When Ardern posted the image of a fleck of pearlescent white nappy cream adorning her velvet pink lapel, I like many others, was able to empathize with her predicament. She presented us with a situation that many of us had faced and sought solutions for in our daily lives. It was as if for a moment we too could imagine ourselves running the country. In her role as prime minister of Aotearoa New Zealand Ardern is the consummate communicator. She connects with her constituents through social media in a manner rarely, if ever, seen in a leader. One explanation for her successful leadership is that in the heat of the moment she is level headed and relatable. Out of all the current world leaders she demonstrates, for the most part, an uncanny knack for keeping it real.


At the time of viewing the nappy cream incident, I was taken by the similarities between Ardern’s accidental ornament and the 1975 performance Everyday Adornment by Dutch artist/jeweller Robert Smit.

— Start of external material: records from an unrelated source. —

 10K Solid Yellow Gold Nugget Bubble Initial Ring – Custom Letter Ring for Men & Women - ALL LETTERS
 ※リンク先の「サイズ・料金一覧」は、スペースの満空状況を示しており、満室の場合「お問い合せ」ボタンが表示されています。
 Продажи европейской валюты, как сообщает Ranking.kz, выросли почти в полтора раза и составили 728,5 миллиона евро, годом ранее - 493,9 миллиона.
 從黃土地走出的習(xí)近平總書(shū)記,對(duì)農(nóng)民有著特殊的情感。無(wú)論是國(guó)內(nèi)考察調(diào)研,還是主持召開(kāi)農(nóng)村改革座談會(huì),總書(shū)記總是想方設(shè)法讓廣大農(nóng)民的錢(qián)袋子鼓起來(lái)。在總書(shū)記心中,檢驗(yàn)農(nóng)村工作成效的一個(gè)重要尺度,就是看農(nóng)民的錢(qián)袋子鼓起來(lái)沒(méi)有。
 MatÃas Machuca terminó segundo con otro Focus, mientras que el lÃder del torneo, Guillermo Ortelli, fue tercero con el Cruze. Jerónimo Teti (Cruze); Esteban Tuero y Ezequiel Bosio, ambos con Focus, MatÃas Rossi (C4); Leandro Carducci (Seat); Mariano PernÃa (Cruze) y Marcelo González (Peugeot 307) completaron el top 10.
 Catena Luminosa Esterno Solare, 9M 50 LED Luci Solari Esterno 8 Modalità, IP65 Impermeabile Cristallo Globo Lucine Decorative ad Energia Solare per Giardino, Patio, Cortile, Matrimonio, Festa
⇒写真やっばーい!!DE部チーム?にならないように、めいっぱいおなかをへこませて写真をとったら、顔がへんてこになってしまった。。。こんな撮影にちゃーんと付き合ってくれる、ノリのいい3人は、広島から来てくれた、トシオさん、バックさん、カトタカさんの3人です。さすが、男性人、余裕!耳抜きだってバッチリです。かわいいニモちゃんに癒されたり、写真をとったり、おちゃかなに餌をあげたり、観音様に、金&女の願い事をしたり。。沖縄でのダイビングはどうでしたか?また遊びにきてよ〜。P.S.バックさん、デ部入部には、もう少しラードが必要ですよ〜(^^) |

Dressed in a cream linen suit and cradling packets of cigarettes in his hands, Smit tracked through his gestures familiar, although now disconcerting, body-object relations.  A sequence of Polaroids trace how Smit focused on the details of what we might think of as unconscious everyday activities, and in the process of indexing them, he rendered the forces and effects of these quotidian endeavours “as acts of design” (Deyan Sudjic, Unexpected Pleasures 2012). Smit made an interesting claim at the time of making this performance, by suggesting that “any object can be jewellery as long as it was put forward as such” (para. 2 A statement that continues to resonate for many in the contemporary jewellery community.  


While it’s apparent cigarettes and nappy cream register as polar opposites on the ethical spectrum these precarious expressions of adornment share features in common. As ornamental events, they tell of the social and material effects of jewellery, reveal how adornment is situated on and activates amidst the margins of public discourse. In their abject performativity, these ornamental indiscretions speak volumes in terms of representation – tell of health and gender norms for example.

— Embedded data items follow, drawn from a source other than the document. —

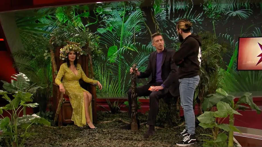 02.02.2023, 15:49 UhrEigentlich sollte es in dieser Episode des "Stern"-Magazins um die frischgebackene Dschungelkönigin Djamila Rowe gehen. Doch Moderator Steffen Hallaschka muss sich unerwartet mit anderem rumschlagen: Zwei junge Männer stürmen vor die Kameras und verwirren mit zusammenhangslosen Aussagen.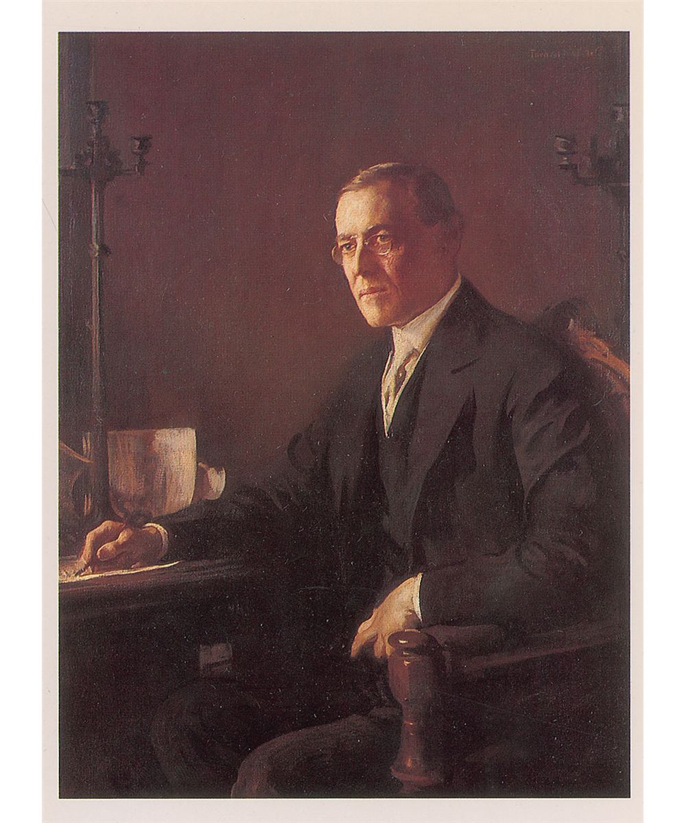 Ink signature, “Woodrow Wilson,” on an off-white 3.75 x 1.5 slip affixed to a 4.75 x 2.5 custom-made card for the collection of Dagmar and Lilly Printz. In fine condition, with a bit of mild toning and a punch hole to bottom of card.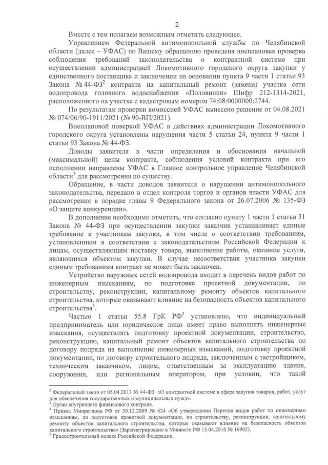 В июне 2021 года на водоводе Локомотивного городского округа произошло 8 порывов. Горожане сутками оставались без воды. Губернатор Челябинской области Алексей Текслер заявил о полной замене 5,2 км водовода за 61 млн рублей. Из-за порывов ввели режим повышенной готовности из-за возможной ЧС, а губернатор пообещал отставки. Контракт на ремонт водовода заключили без торгов, да еще и с предпринимателем и депутатом от «Единой России» Иваном Злыгостевым, который уже чинил его.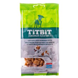 TiTBiТ Хрустящие подушечки с начинкой со вкусом индейки и шпината для маленьких пород, 95 г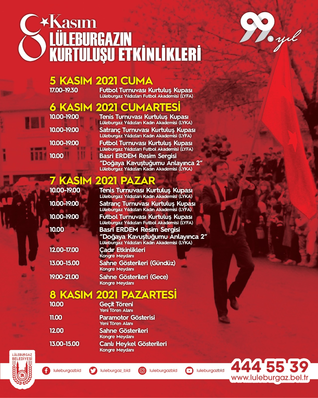 Lüleburgaz Belediyesi, Lüleburgaz’ın düşman işgalinden kurtuluşunun 99’uncu yıl dönümü kapsamında dolu dolu etkinlik programı hazırladı. 5 Kasım Cuma günü LYFA’da Futbol Turnuvası Kurtuluş Kupası’yla başlayacak etkinlikler kurtuluşun günü 8 Kasım’a kadar sürecek. Bu kapsamda tenis, satranç, futbol turnuvalarından resim sergisine, canlı heykel gösterilerinden paramotor gösterisine kadar çok sayıda etkinlik gerçekleştirilecek.

On the day of the nappy smear incident, the potential of the involuntary act of design was curtailed, interrupted by a last-minute decision to rectify the perceived anomaly – cover the site of the oily fleck with a brooch. I’m not sure whose bright idea this was, although as far as I’m aware the actual jewellery object never warranted a mention on social media.

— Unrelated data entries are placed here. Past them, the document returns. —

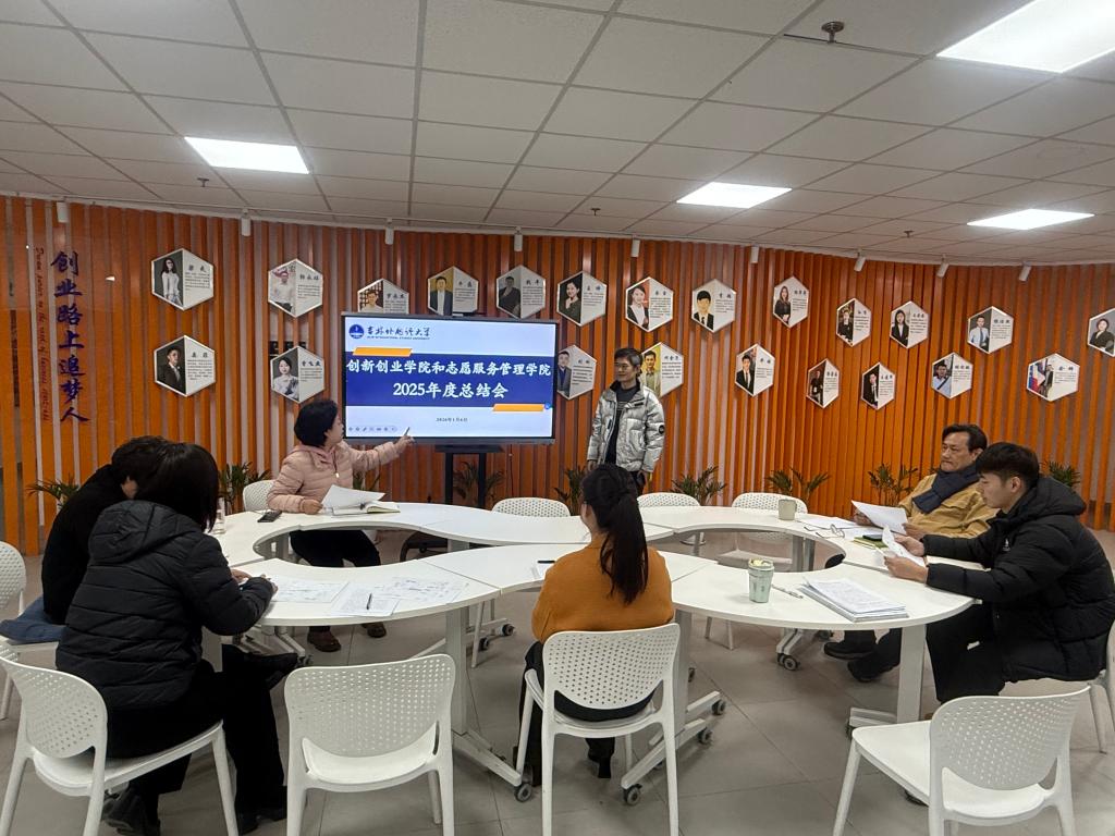 2026年1月6日,创新创业学院与志愿服务管理学院召开2025年度期末工作总结会,会议由创新创业学院和志愿服务管理学院院长张俊姝主持,两学院全体教师参加会议并进行年度工作汇报。会议全面回顾了本年度在教学改革、科研产出、行政管理及社会服务等方面取得的成果,总结经验、查找不足,并对2026年度重点工作进行了部署。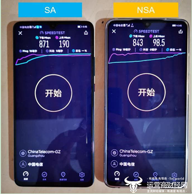 根据中国电信广东分公司最近的一次测试,使用机型是两部华为Mate 20X 5G版。从5G NSA/SA双模基站下,用户下行体验速率SA与NSA基本相当,网速是870mbps,比目前4G网络至少快5倍以上。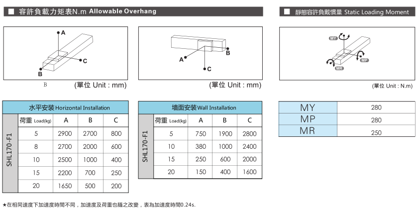 山社線性馬達(dá)模組容許負(fù)載力矩選型參數(shù):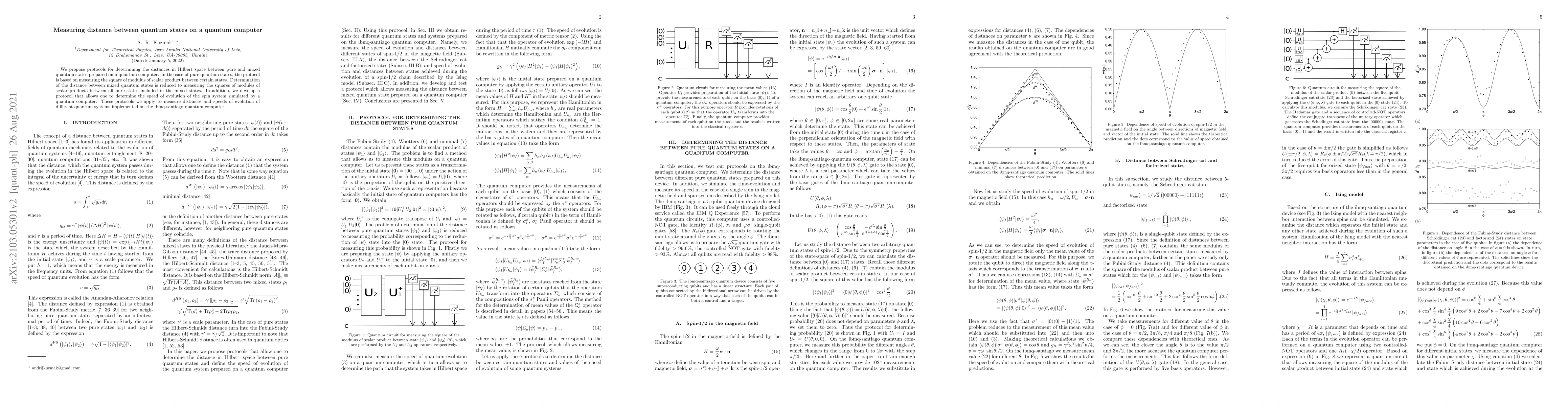 Researchers developed protocols to measure distances between quantum states on a quantum computer, allowing for calculations of purity and evolution speeds.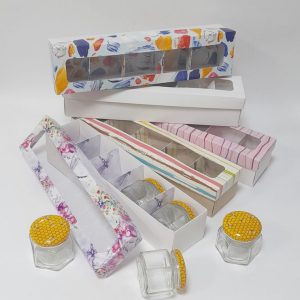 Коробка картонная 325х75х65 мм, для 5 банок меда, с окном, подарочная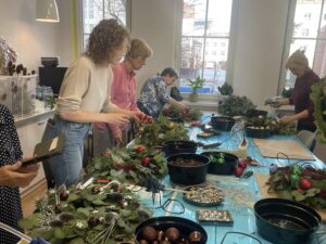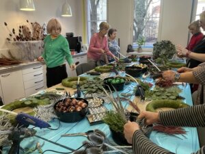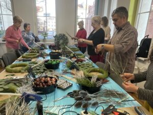 Równolegle do zajęć aktywizujących dla osób z niepełnosprawnością intelektualną, odbył się warsztat rozwijający zainteresowania dla rodziców i opiekunów naszych uczestników. Tym razem przenieśliśmy się w świat zapachu gałązek, szyszek i wstążek – pod czujnym okiem florystki Weroniki Kwiatek-Binda uczyliśmy się, jak tworzyć świąteczne wieńce dekoracyjne.
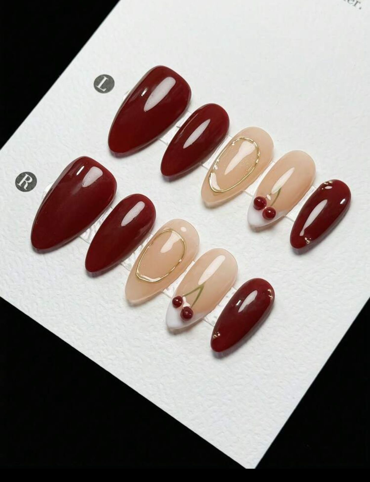 10Pcs Pure Handmade Sexy Dark Red Gold Line Coil White 3D French Style Cherry Almond Shaped Press-On Nails, Premium High-End Luxury Nail Supplies Nails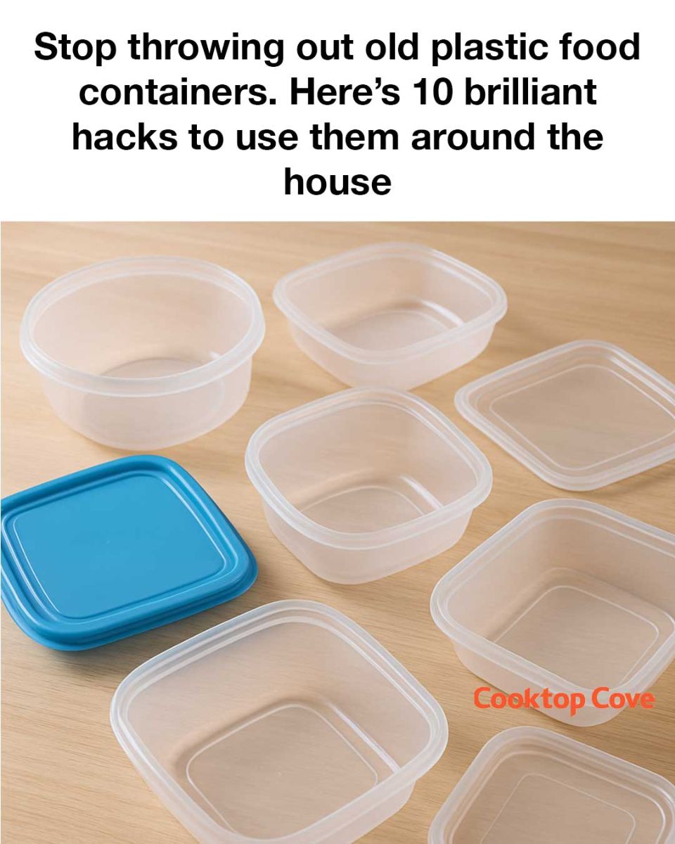Stop throwing out old plastic food containers. Here’s 10 brilliant hacks to use them around the house

In her project Keeping it Real jeweller Kelly McDonald picks up on the Ardern domestic/political crisis and fills in the gap of the missing brooch. McDonald works with the image of the velvet pink lapel as a backdrop, a mise en scene for her own jewellery objects made of kitchen scourers and pebbles. The objects and video are playfully enthused with feminist critique and while I’m engaged by the proposition of Ardern engaging more pro-actively in jewellery box diplomacy aka Madeleine Albright style, in the coupling of concept and material these works present more as ideas in the making.


In another series Tools for Lockdown, McDonald’s expressions are more on the mark. These objects appear to be congruent with previous works made of reclaimed steel, appearing in the Masking It section. The oddball hybrid readymade objects, which have fantastically descriptive titles such as Elementally Hammered, resonate with McDonald’s lived story of COVID19 lockdown. In form and content, they’re enthused with the absurdity of confining people to their homes for extended periods. A saw blade cut to a right angle and a hammerhead bonded to a stovetop element coil capture the imagination and transcend the flatness of the screen. While these objects blur the boundaries between function and fantasy they’re totally convincing. They capture all that is confusing about this time and in effect remind us that life is at its best when we are caught up in the struggle of keeping it real.